I made a code to generate a dendrogram as you can see in the image, using the hclust
function. So, I would like help in the interpretation of this dendrogram. Note that the locations of these points are close. What does this dendrogram result I'm having mean, can you help me?
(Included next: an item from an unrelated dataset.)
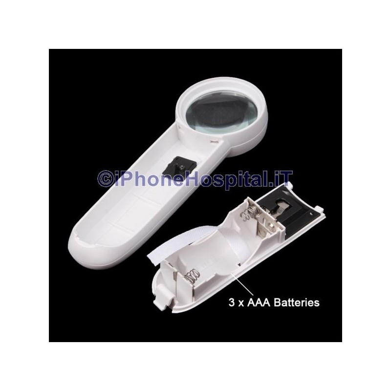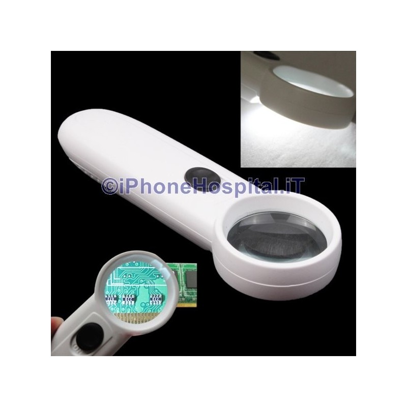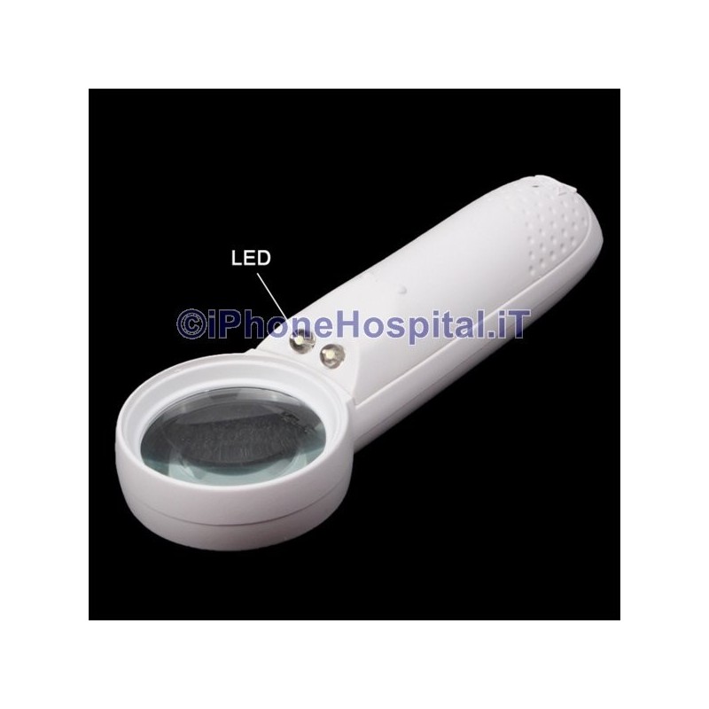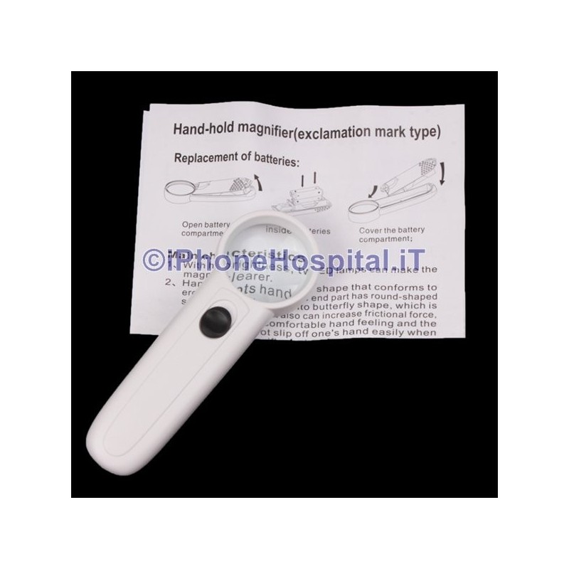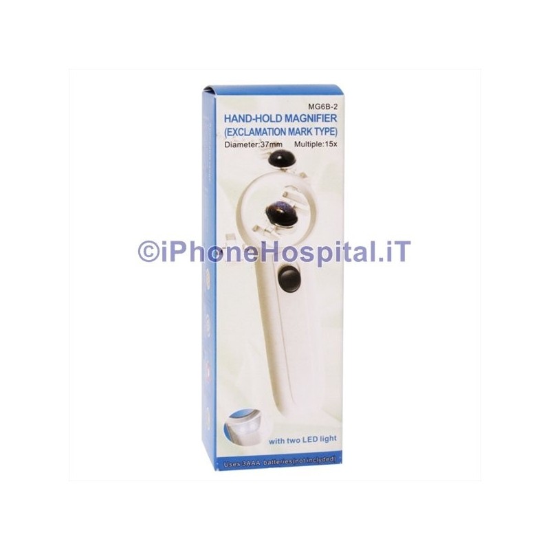 Potente lupa de mano 15X con forma de signo de exclamación y 2 luces LED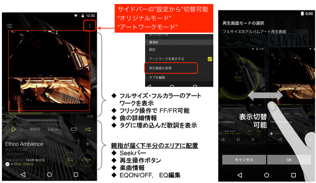 アートワークモード時における各モデル固有の機能として、DP-X1ではフリック操作による早送り/巻き戻しの操作が可能となった。XDP-100Rにおいてはアートワーク表示の明・暗の一発切り替えが行えるようになった。

I would really like a more complete analysis of the generated output.
library(geosphere)
Points_properties<-structure(list(Propertie=c(1,2,3,4,5,6,7,8,9,10,11,12,13,14,15,16,17,18,19,20,21,22,23,24,25,26,27,28,29), Latitude = c(-24.781624, -24.775017, -24.769196,
-24.761741, -24.752019, -24.748008, -24.737312, -24.744718, -24.751996,
-24.724589, -24.8004, -24.796899, -24.795041, -24.780501, -24.763376,
-24.801715, -24.728005, -24.737845, -24.743485, -24.742601, -24.766422,
-24.767525, -24.775631, -24.792703, -24.790994, -24.787275, -24.795902,
-24.785587, -24.787558), Longitude = c(-49.937369,
-49.950576, -49.927608, -49.92762, -49.920608, -49.927707, -49.922095,
-49.915438, -49.910843, -49.899478, -49.901775, -49.89364, -49.925657,
-49.893193, -49.94081, -49.911967, -49.893358, -49.903904, -49.906435,
-49.927951, -49.939603, -49.941541, -49.94455, -49.929797, -49.92141,
-49.915141, -49.91042, -49.904772, -49.894034)), row.names = c(NA, -29L), class = c("tbl_df", "tbl",
"data.frame"))
coordinates<-subset(Points_properties,select=c("Latitude","Longitude"))
plot(coordinates[,2:1])
text(x = Points_properties$Longitude,
y= Points_properties$Latitude, labels=Points_properties$Propertie, pos=2)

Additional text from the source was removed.